# Hier dürft ihr euch nocheinmal so richtig freuen!



## Phyraxos (1. Juli 2008)

Ja, zugegeben, kein sinnvoller Thread zum diskutieren, beantworten und co......

ABER HALLO, DIABLO III wurde angekündigt! Ehrlich gesagt, kann ich es immer noch nicht fassen. Was haben wir drauf gewartet. Knapp 8 Jahre her, seitdem LoD raus kam. Echt Genial, mehr fällt mir derzeit nicht ein und so geht es mir seit Samstag Mittag als mir der Live-Stream der WWI08 diesen legendären Momemt bescherte.
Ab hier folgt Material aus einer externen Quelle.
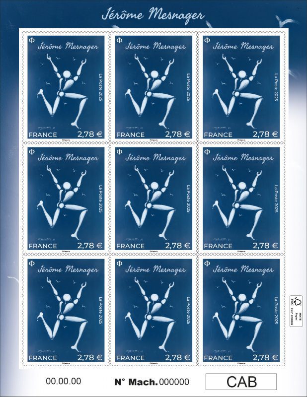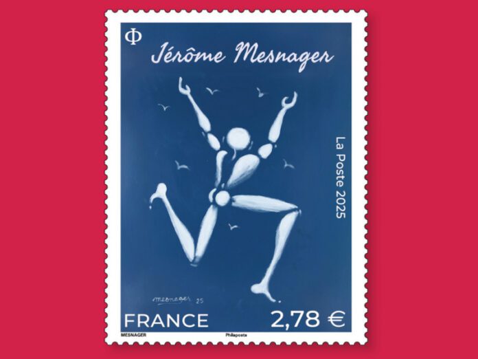 Com valor facial de € 2,78, a emissão entrou em pré-venda em 26 de setembro de 2025 e, no dia 30 de setembro de 2025, completou a distribuição, alcançando o “Carré d’encre”. Mesnager, nascido em 1961, formou-se na escola “André-Charles Boulle” e na de artes aplicadas “Duperré”; desde os primeiros anos da década de 1980 é reconhecido como figura central da expressividade urbana no país. Criado em 1983, o seu célebre “homem branco” percorreu o mundo, tendo aparecido na Grande Muralha da China, nas catacumbas de Paris e em capas de discos; mais do que uma silhueta esguia, tornou-se um referente atemporal que não envelhece, “iluminando as ruas e, em sentido mais amplo, a sociedade”.
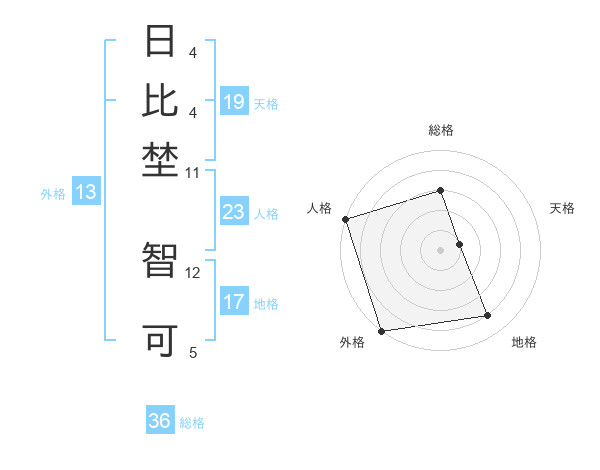 日比埜 智可さんを姓名の画数から五運を鑑定
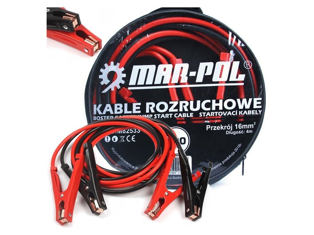 Startovací kabely 800A, 4m, 16mm2 MAR-POLStartovací kabely vám při vybité autobaterii pomohou opět bezproblémově nastartovat každé vozidlo.Technické údaje:Délka kabelu: 2x4 mMaximální proud: 800 APrůřez elektroinstalace bez izolace: 16 mm2Praktické pouzdro przeczytaj całość
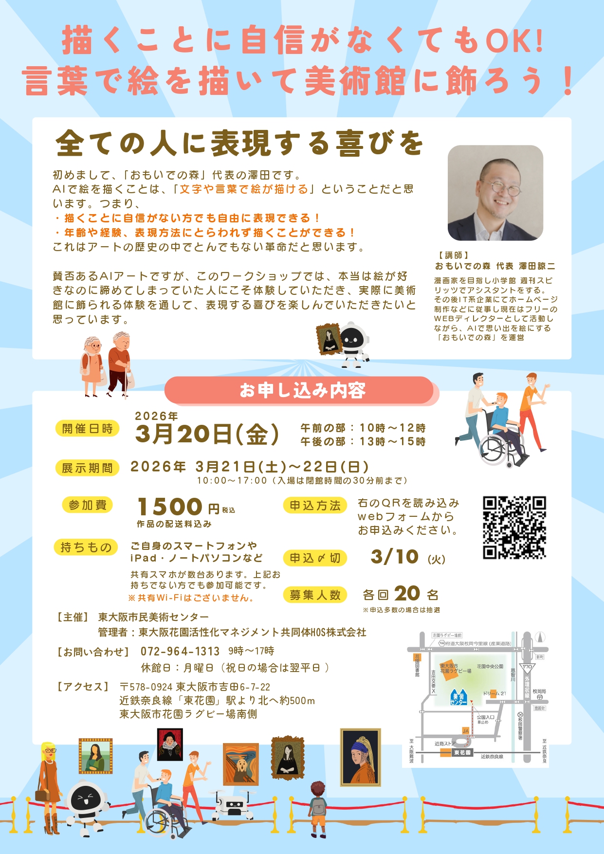 お問い合わせは市民美術センターまで。申込1件につき3人まで。
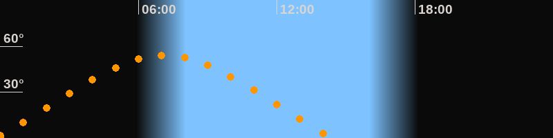 | Aufgang | 23:44 Uhr im Nordosten (αAz = 65,3°) |

Tobt euch aus und lasst alles raus, was geht !!!

Ein " Schreit euch die Seele aus dem Leib " Thread, mal was neues  


			Dieser Inhalt steht nur eingeloggten Mitgliedern zur Verfügung.
        

 

Jaaaaaaaaaaaaaaaaaaaaaaaaaaaaaaaaaaaaaaa *mehr als freu* *gröl* *aufwach und bemerk, dass es KEIN Traum ist*

An die, die sagen, es sei doch nur ein Spiel, was soll der ganze Aufstand..... NOES, ist echt nicht ! 


			Dieser Inhalt steht nur eingeloggten Mitgliedern zur Verfügung.
        

 

Also gogo, zeigt was die Diablo Community zu bieten hat !


----------